* _Records provided_
☆ ☆ ☆

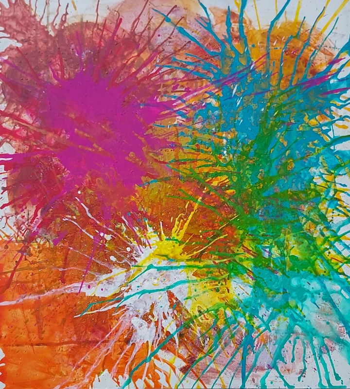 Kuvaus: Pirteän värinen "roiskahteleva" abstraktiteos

☆ ☆ ☆

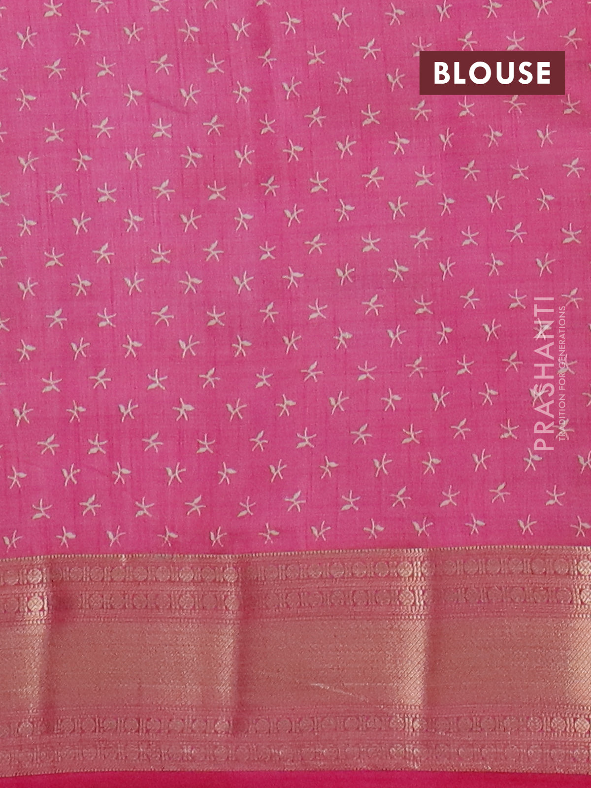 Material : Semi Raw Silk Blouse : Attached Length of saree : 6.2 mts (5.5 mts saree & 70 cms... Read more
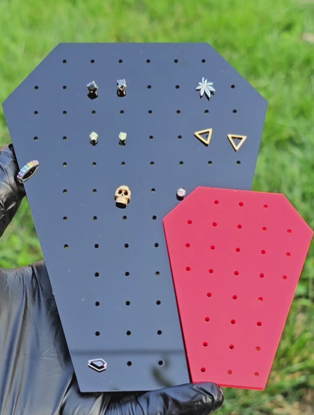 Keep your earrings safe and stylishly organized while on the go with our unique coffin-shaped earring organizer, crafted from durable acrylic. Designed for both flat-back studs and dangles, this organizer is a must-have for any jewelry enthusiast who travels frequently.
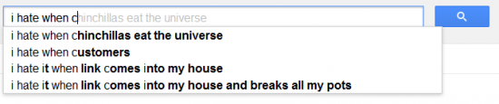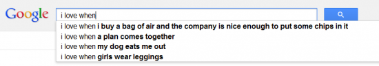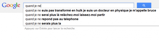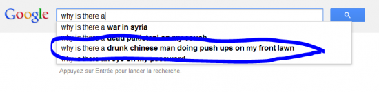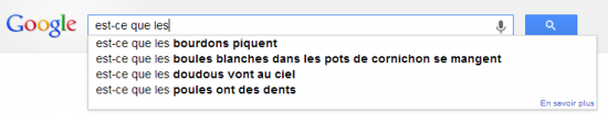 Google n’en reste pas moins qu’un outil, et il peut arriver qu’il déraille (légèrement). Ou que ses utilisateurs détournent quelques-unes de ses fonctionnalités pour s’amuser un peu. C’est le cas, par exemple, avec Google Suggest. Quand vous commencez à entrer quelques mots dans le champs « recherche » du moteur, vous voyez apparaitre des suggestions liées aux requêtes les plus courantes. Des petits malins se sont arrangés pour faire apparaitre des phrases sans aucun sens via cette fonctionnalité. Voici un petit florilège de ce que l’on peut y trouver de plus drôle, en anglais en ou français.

☆ ☆ ☆

* _Task directions_
In the material above, which lines fall between the one holding "Material : Semi" and the one holding "Google n’en reste", inclusive? Print exactly those, with the pictures left out.

* _Solved exercise_
 Material : Semi Raw Silk Blouse : Attached Length of saree : 6.2 mts (5.5 mts saree & 70 cms... Read more
 Keep your earrings safe and stylishly organized while on the go with our unique coffin-shaped earring organizer, crafted from durable acrylic. Designed for both flat-back studs and dangles, this organizer is a must-have for any jewelry enthusiast who travels frequently.
 Google n’en reste pas moins qu’un outil, et il peut arriver qu’il déraille (légèrement). Ou que ses utilisateurs détournent quelques-unes de ses fonctionnalités pour s’amuser un peu. C’est le cas, par exemple, avec Google Suggest. Quand vous commencez à entrer quelques mots dans le champs « recherche » du moteur, vous voyez apparaitre des suggestions liées aux requêtes les plus courantes. Des petits malins se sont arrangés pour faire apparaitre des phrases sans aucun sens via cette fonctionnalité. Voici un petit florilège de ce que l’on peut y trouver de plus drôle, en anglais en ou français.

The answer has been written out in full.